#### WHAT IS BEING ASKED:
Only the lines below between the one holding "镜面具有耐磨性高蓝宝石材料制" and the one holding "V objektu v přízemí: schody", inclusive, are to be reproduced word for word; the pictures are to be left out.
---------- DATA UNDER STUDY
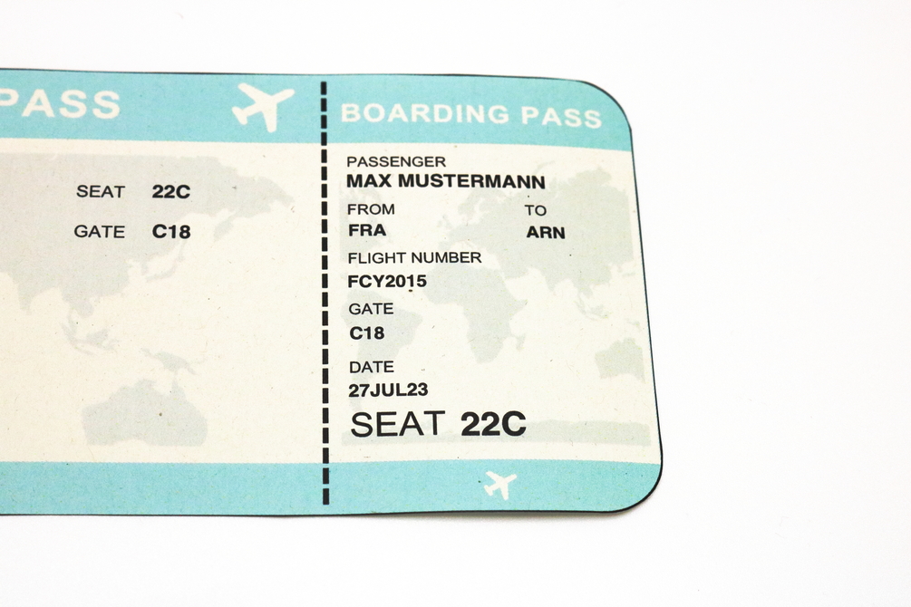 - Customizable boarding pass (the document is in DIN A4 format and contains 3 boarding passes whose blue fields (see product photo) can be individually adjusted.)
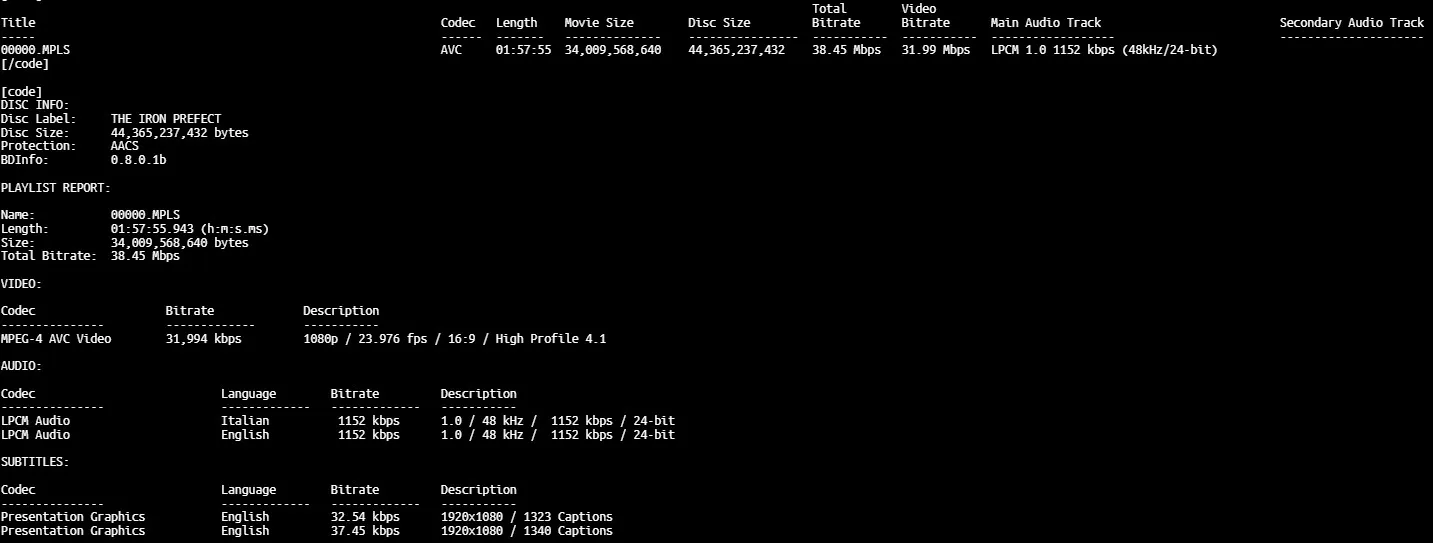 The Iron Prefect LPCM 1.0 mono Italian Spek
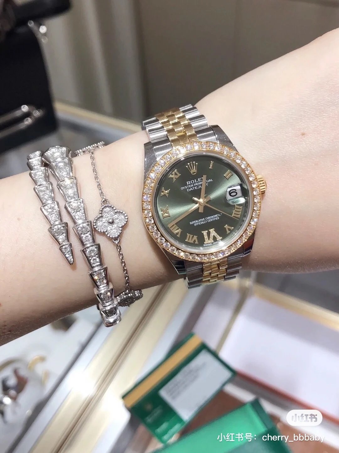 镜面具有耐磨性高蓝宝石材料制造,3点钟位置装有小窗凸透镜(2.5倍)女装日志型的防水蚝式表壳给予高精准机芯Z佳防护!
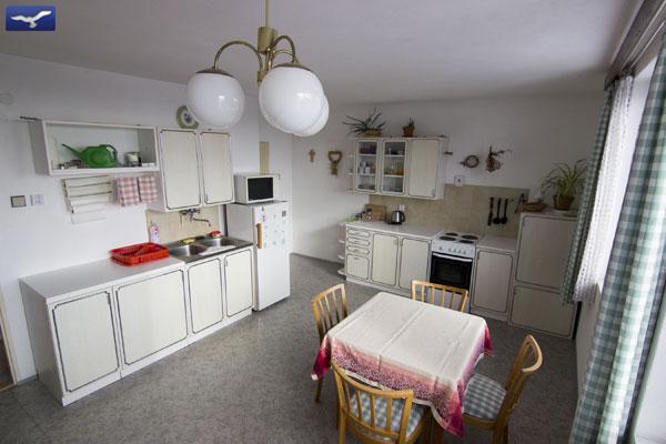 V objektu v přízemí: schody do patra. V objektu v patře: obývací místnost (BVTV, WIFI, skříň, sedací souprava, křesla, stolek), kuchyně (elektrický sporák + trouba, lednice, mikrovlnná trouba, varná konvice) s jídelním koutem (stůl, židle), 1/3 ložnice (dvoulůžko, samostatné lůžko), 1/3 ložnice (dvoulůžko, samostatné lůžko), koupelna (vana, sprchový kout, 2x umyvadlo), samostatné WC. Možnost přidání 2 přistýlek do obývacího pokoje nebo do větší 1/3 ložnice. Topení: ústřední.
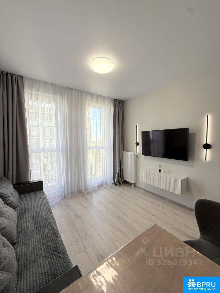 Сдается студия от собственника на длительный срок в новом кирпичном доме 2025 года постройки. В квартире выполнен свежий евро ремонт. Просторная жилая зона с современным интерьером включает диван, телевизор и обеденную зону с барными стульями. Из окон открывается приятный вид на город. Кухонная зона оборудована необходимой техникой: холодильник, плита, микроволновая печь и стиральная машина. Ванная комната совмещенная, оснащена современной сантехникой и водонагревателем. В доме два пассажирских и один грузовой лифт, имеется наземная парковка. Для детей предусмотрена игровая площадка во дворе. Курение запрещено, проживание с животными не допускается.
--------------------
#### TASK ANSWER:
 镜面具有耐磨性高蓝宝石材料制造,3点钟位置装有小窗凸透镜(2.5倍)女装日志型的防水蚝式表壳给予高精准机芯Z佳防护!
 V objektu v přízemí: schody do patra. V objektu v patře: obývací místnost (BVTV, WIFI, skříň, sedací souprava, křesla, stolek), kuchyně (elektrický sporák + trouba, lednice, mikrovlnná trouba, varná konvice) s jídelním koutem (stůl, židle), 1/3 ložnice (dvoulůžko, samostatné lůžko), 1/3 ložnice (dvoulůžko, samostatné lůžko), koupelna (vana, sprchový kout, 2x umyvadlo), samostatné WC. Možnost přidání 2 přistýlek do obývacího pokoje nebo do větší 1/3 ložnice. Topení: ústřední.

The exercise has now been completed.